Following a six-month trial expansion, seen as crunch-time for
the vaccine, the company will increase its annual output from 8
million doses to 20 million.
If two further rounds of clinical trials prove successful,
production of a human bird flu vaccine will be greatly accelerated,
Beijing Sinovac Biotech Co announced on Tuesday
Following a six-month trial expansion, seen as crunch-time for
the vaccine, the company will increase its annual output from 8
million doses to 20 million. The human bird flu vaccine was
developed jointly with China's Ministry of Science and Technology,
and China Disease Control and Prevention Center.
Preliminary clinical tests have shown that the vaccine is safe
and effective for human use, researchers said.
"These results indicate that we should expand our production
capabilities to prepare for mass vaccine production against a
possible bird flu pandemic," the company's spokesman said.

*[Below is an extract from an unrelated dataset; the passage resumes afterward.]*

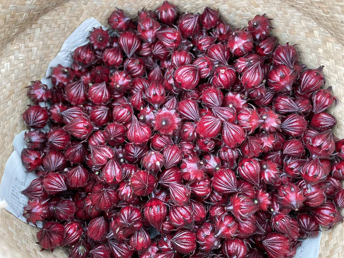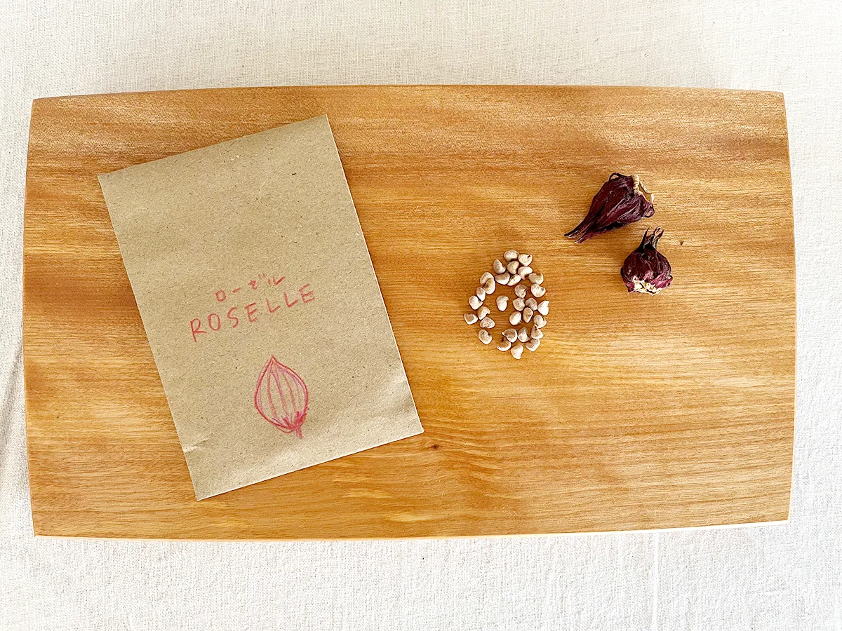 箱根山麓の畑で、農薬や肥料を使わずに自然の力で育てたローゼルの種です。1袋約30粒入りです。
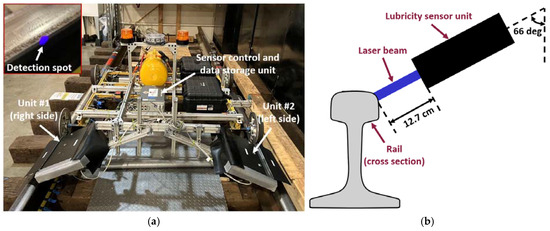 Figure 3. (a) RTL system mounted on a remote-controlled rail cart; (b) schematic diagram of sensing unit for detecting the lubrication condition.

Results from the first round of trials, which ended in June,
showed no adverse effects in the 120 test subjects.
In China, a vaccine is allowed to enter the market after
completing three phases of clinical trials.
Bird flu remains essentially an animal disease, but experts fear
the H5N1 virus could mutate into a form that could be contracted
from person to person.
Worldwide, about a dozen companies are conducting clinical
trials on bird flu vaccines.
According to the World Health Organization, the H5N1 virus has
proven difficult to predict, and as drug companies move forward
with their pandemic vaccine development, they may be gambling on
which strain is most likely to mutate into the virus' dreaded
form.
The virus has killed 14 people in China since 2003 among 21
sufferers. The latest case involved a 62-year-old man in Xinjiang
Uygur Autonomous Region, who died on July 12.